# IDE/PATA auf SATA ? Adapter ? Aber welcher????



## jannek23 (6. Mai 2008)

Hallo,

habe eine kleines Problem. Ich habe für einen Freund einen DVD Brenner (IDE/PATA) gekauft. Umtausch ist aber zu teuer, da es über ebay war.
*Ich brauch nun einen Adapter!*
Das DVD-ROM und die HDD sind IDE/PATA Laufwerke und bereits im PC verbaut. Ich habe in meiner Blauäugigkeit darauf vertraut, dass es zwei IDE Ports auf dem Motherboard gibt. SCHENKSTE DENKSTE!
Komischerweise sind DVD-ROM und HDD an ein IDE-Kabel gebunden. Hab ich so auch noch nicht gesehen.
Nun muss der DVD Brenner auch noch mit ans Board. Es sind aber nur zwei SATA Ports frei. Lösung: ein Adapter! Aber welcher?
Theoretisch müssten ja beide Laufwerke an ein Kabel, oder? (normalerweise an SATA 2, weil ja nur ein IDE Port auf dem Board ist (demzufolge IDE1).
Oder kann ich das im BIOS zuweisen?
Welchen Adapter brauch ich nun? 
http://cgi.ebay.de/NEU-IDE-PATA-zu-...ryZ79419QQssPageNameZWDVWQQrdZ1QQcmdZViewItem

oder den?

http://cgi.ebay.de/SATA-Serial-ATA-...ryZ79419QQssPageNameZWDVWQQrdZ1QQcmdZViewItem

Und was klemme ich dann an den SATA Port? (Laufwerke oder HDD)?
Gibt es ein Leistungsverlust?
Helft mir mal bitte. Danke


----------



## olstyle (6. Mai 2008)

Was du willst ist ein IDE-Gerät an einem S-ATA Anschluss. Damit wäre dieser Adapter der richtige: http://cgi.ebay.de/SATA-Serial-ATA-zu-IDE-PATA-Festplatte-CD-Rom-Konverter_W0QQitemZ320248755126QQihZ011QQcategoryZ79419QQssPageNameZWDVWQQrdZ1QQcmdZViewItem
Wenn der Adapter den Durchsatz nicht seeeehr stark begrenzt würde ich dort die Festplatte anschließen(ein kurzer Test mit HDTach verschafft Klarheit).

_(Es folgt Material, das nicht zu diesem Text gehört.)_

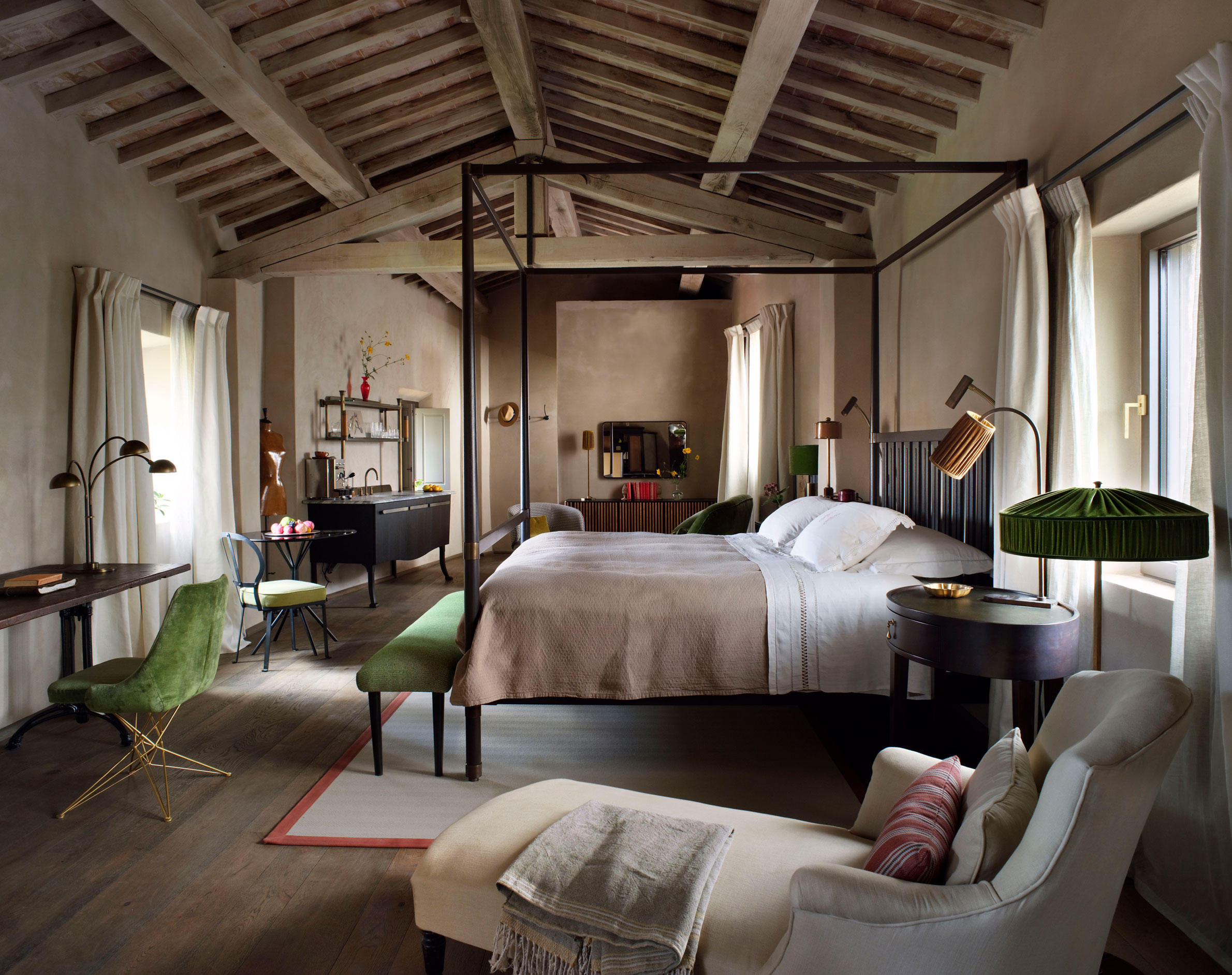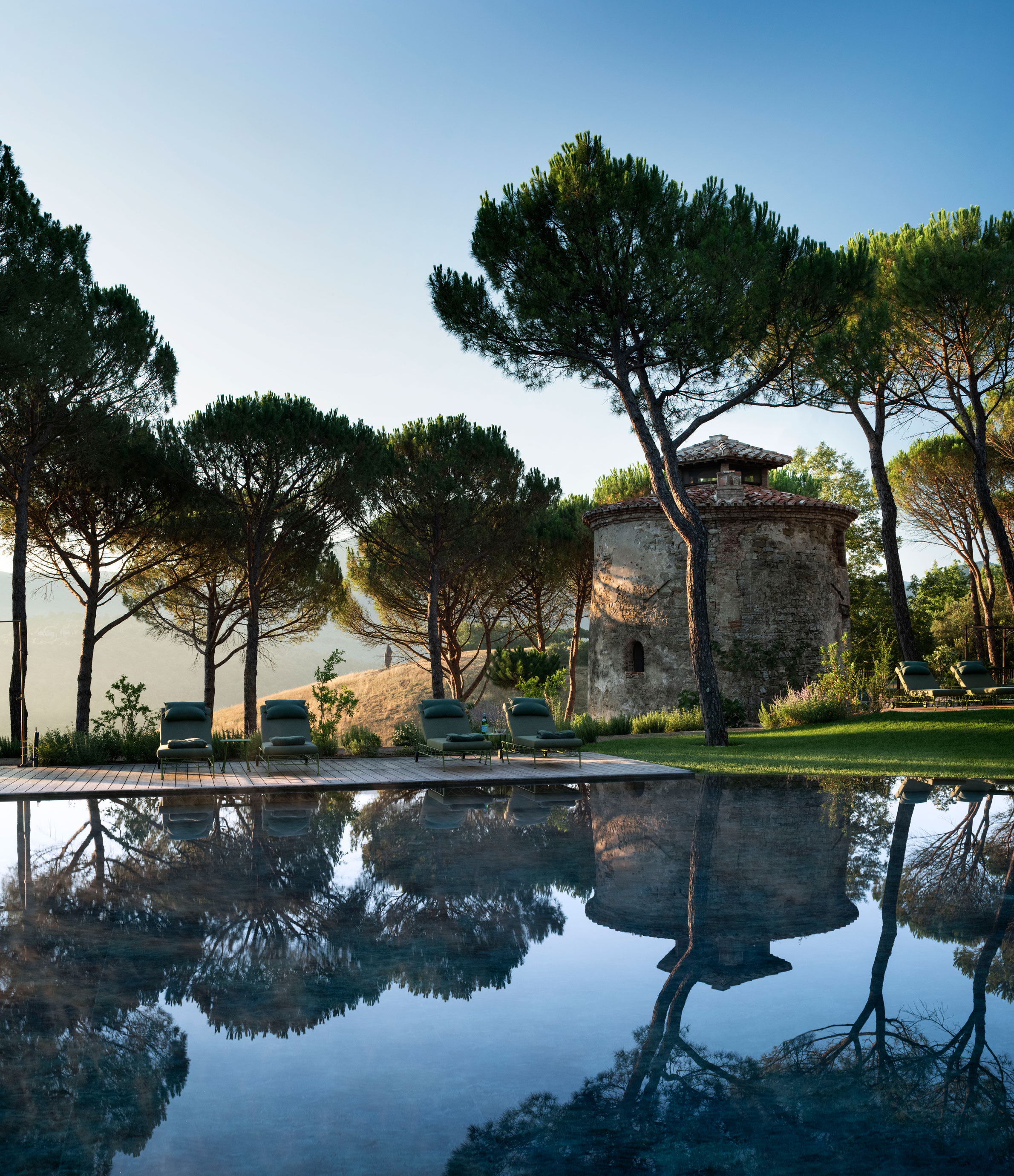 Föreställ dig Umbriens gröna kullar. Uråldriga ekar. Ängar med vilda blommor. Olivlundar och vinrankor på rad. En tystnad som endast bryts av fågelkvitter och ett avlägset eko av galopperande hästar. Föreställd dig en allé av cypresser och så på den högsta punkten, med utsikt över den undersköna naturen – en fästning med ett slott, anno 1050. Till Castello di Reschio kommer du för äventyr eller avkoppling och lämnar helt förtrollad. Slottet var i princip i ruiner när greve Bolza med familj tog över egendomen, 1994. Sedan dess har det pågått en varsam, minutiös restaurering.Transformeringen av det som idag är ett magnifikt slottshotell med 36 individuellt inredda rum samt ett antal omgjorda gårdshus för uthyrning. Alla rum är belägna i slottet och den som vill slå på stort bokar med fördel The Tower Suite – En svit med två sovrum belägen i slottets högsta torn, fördelad över fem våningar och med en spektakulär terrass. Från den har du 360 graders utsikt över Umbriens böljande landskap. En dag på Castello di Reschio inleds med fördel med en romersk badritual och en ansiktsbehandling. Den fortsätter med en tur på häst eller mountainbike, en picknick på ängen vid sjön, lerduveskytte eller en privat matlagningskurs med kocken Marco. Vill du upptäcka världen bortom, ligger kullstaden Cortona bara en kort bilresa bort. Utomhuspoolen är som en glittrande optisk illusion, nedsänkt i de gröna gräsmattorna, omgiven av höga tallar som skänker skugga under varma eftermiddagar. Här kan du koppla av och smälta dagens intryck innan du byter om och gör dig redo för en femrättersmiddag under bar himmel där varje maträtt givetvis är perfekt kombinerad med viner från slottets mycket imponerande vinkällare.
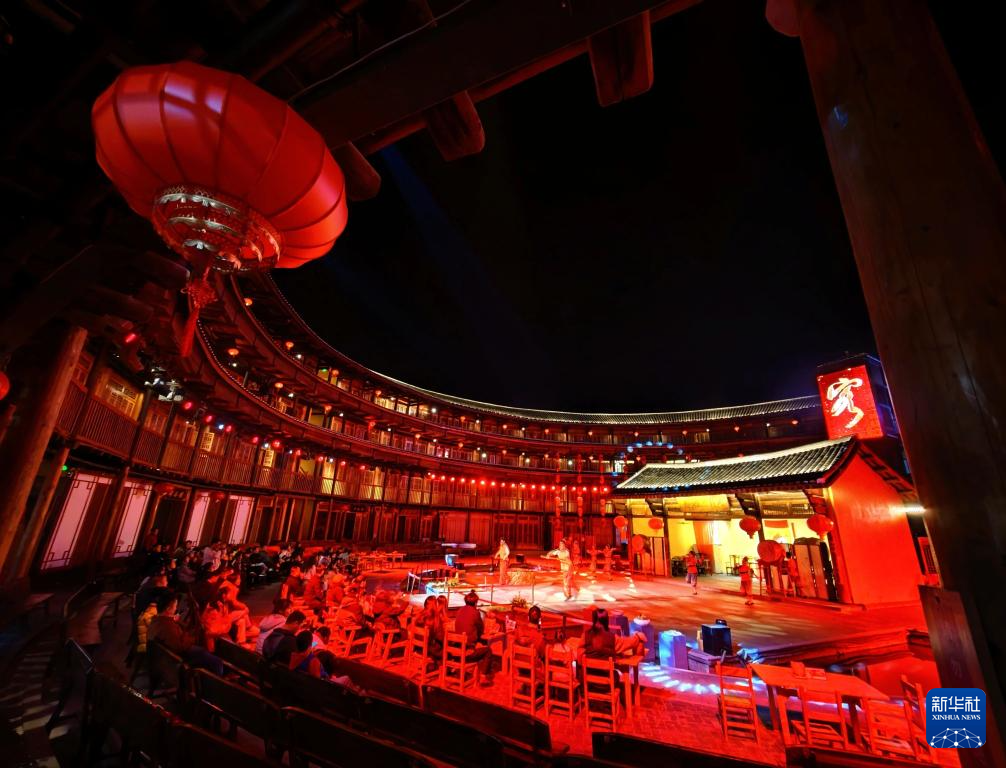 1月19日,游客在福建省龙岩市永定区的土楼观看演出。新华社记者 邢广利 摄

So oder so solltest du aber überlegen ob es sich nicht doch lohnt eines der IDE-Geräte durch ein gleichwertiges/besseres S-ATA Gerät zu ersetzen. 
Über kurz oder lang stribt IDE endgültig aus und einfacher an zu schließen ist S-ATA sowieso.


----------



## jannek23 (6. Mai 2008)

olstyle am 06.05.2008 10:37 schrieb:
			
		

> Was du willst ist ein IDE-Gerät an einem S-ATA Anschluss. Damit wäre dieser Adapter der richtige: http://cgi.ebay.de/SATA-Serial-ATA-zu-IDE-PATA-Festplatte-CD-Rom-Konverter_W0QQitemZ320248755126QQihZ011QQcategoryZ79419QQssPageNameZWDVWQQrdZ1QQcmdZViewItem
> Wenn der Adapter den Durchsatz nicht seeeehr stark begrenzt würde ich dort die Festplatte anschließen(ein kurzer Test mit HDTach verschafft Klarheit).
> 
> So oder so solltest du aber überlegen ob es sich nicht doch lohnt eines der IDE-Geräte durch ein gleichwertiges/besseres S-ATA Gerät zu ersetzen.
> Über kurz oder lang stribt IDE endgültig aus und einfacher an zu schließen ist S-ATA sowieso.



Genau. Alle grei Laufwerke sind noch IDE/PATA und ich muss ein via SATA Kabel mit dem Motherboard verbinden. Die Sache soll kostengünstig ablaufen   
In Zukunft werde ich nur noch SATA kaufen. Jedoch soll dies erstma eine Übergangslösung sein.


----------



## ruyven_macaran (7. Mai 2008)

jannek23 am 06.05.2008 11:47 schrieb:
			
		

> Genau. Alle grei Laufwerke sind noch IDE/PATA und ich muss ein via SATA Kabel mit dem Motherboard verbinden. Die Sache soll kostengünstig ablaufen
> In Zukunft werde ich nur noch SATA kaufen. Jedoch soll dies erstma eine Übergangslösung sein.



die günstigste übergangslösung dürfte wohl der verzicht auf das leselaufwerk sein


----------